Troubleshooting the Power Supply in an EX9253 Switch

Problem

Description: The power system is not functioning normally.

Cause

Solution

  • Check the LEDs on each power supply faceplate. If a power supply is installed correctly and is functioning normally, the status LED lights steadily.

  • Issue the CLI show  chassis  environment  pem command to check the status of the power supplies. As shown in the sample output, the value Online in the rows labeled State must indicate that each of the power supplies is functioning normally.

    user@switch> show chassis environment pem

If a power supply is not functioning normally, perform the following steps to diagnose and correct the problem:

  • If a major alarm condition occurs, issue the show  chassis  alarms command to determine the source of the problem.

  • If all power supplies have failed, the system temperature might have exceeded the threshold, causing the system to shut down.

    Note

    If the system temperature exceeds the threshold, Junos  OS shuts down all power supplies so that no status is displayed.

    Junos  OS also can shut down one of the power supplies for other reasons. In this case, the remaining power supplies provide power to the switch, and you can still view the system status through the CLI or display.

  • Check that the DC circuit breaker or AC input switch is in the on position and that the power supply is receiving power.

  • Verify that the source circuit breaker has the proper current rating. Each power supply must be connected to a separate source circuit breaker.

  • Verify that the AC power cord or DC power cables from the power source to the switch are not damaged. If the insulation is cracked or broken, immediately replace the cord or cable.
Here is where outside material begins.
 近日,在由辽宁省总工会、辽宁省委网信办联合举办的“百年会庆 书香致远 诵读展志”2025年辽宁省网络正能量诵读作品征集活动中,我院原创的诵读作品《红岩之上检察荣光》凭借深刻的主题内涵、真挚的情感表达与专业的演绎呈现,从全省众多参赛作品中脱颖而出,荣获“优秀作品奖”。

  • Connect the power supply to a different power source with a new power cord or power cables. If the power supply status LEDs indicate that the power supply is not operating normally, the power supply is the source of the problem. Replace the power supply with a spare.

Troubleshooting Line Cards in an EX9253 Switch

Problem

Description: Line card is not functioning normally.

Solution

  • The Routing Engine downloads the line card software to it under two conditions: the line card is present when the Routing Engine boots Junos  OS, and the line card is installed and requested online through the CLI or the button on the front panel. The line card then runs diagnostics. When the line card is online and functioning normally, the OK/FAIL LED is lit green steadily.
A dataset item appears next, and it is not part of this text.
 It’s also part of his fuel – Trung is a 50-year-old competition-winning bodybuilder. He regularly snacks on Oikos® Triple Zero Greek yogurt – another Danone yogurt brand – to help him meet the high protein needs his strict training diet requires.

  • Make sure the line card is properly seated in the chassis. Check that each ejector handle is tight.

  • Check the OK/FAIL LED on the line card. When the line card is online and functioning normally, the OK/FAIL LED is lit green steadily.
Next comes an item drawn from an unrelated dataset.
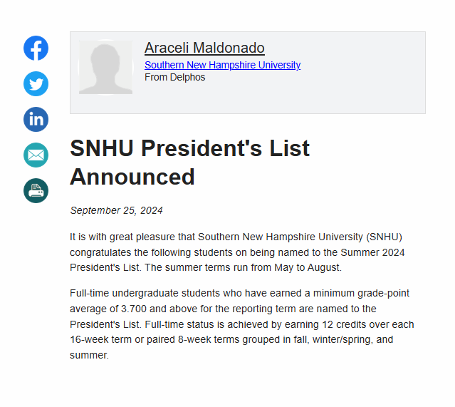 December, 03 2024 - Verified by Southern New Hampshire UniversityIt is with great pleasure that Southern New Hampshire University (SNHU) congratulates the following students on being named to the Summer 2024 President's List. The summer terms run from May to Aug...

  • Issue the show chassis fpc command to check the status of installed line cards. As shown in the sample output, the value Online in the column labeled Slot State indicates that the line card is functioning normally:

    user@switch> show chassis fpc
    Note

    The show chassis fpc command displays the status of the line cards.

    For more detailed output, add the detail option. The following example does not specify a slot number, which is optional:

    user@switch> show chassis fpc detail

Troubleshoot Temperature Alarms in EX Series Switches

Problem

Description: EX Series switches generate a temperature alarm FPC 0 EX-PFE1 Temp Too Hot.

Cause

Temperature sensors in the chassis monitor the temperature of the chassis. The switch raises an alarm if a fan fails or if the temperature of the chassis exceeds permissible levels.

Solution

When the switch raises a temperature alarm such as the FPC 0 EX-PFE1 Temp Too Hot alarm, use the show chassis environment and the show chassis temperature-thresholds commands to identify the condition that triggered the alarm.

Caution

To prevent the switch from overheating, do not operate it in an area that exceeds the maximum recommended ambient temperature. To prevent airflow restriction, allow at least 6 inches (15.2 cm) of clearance around the ventilation openings.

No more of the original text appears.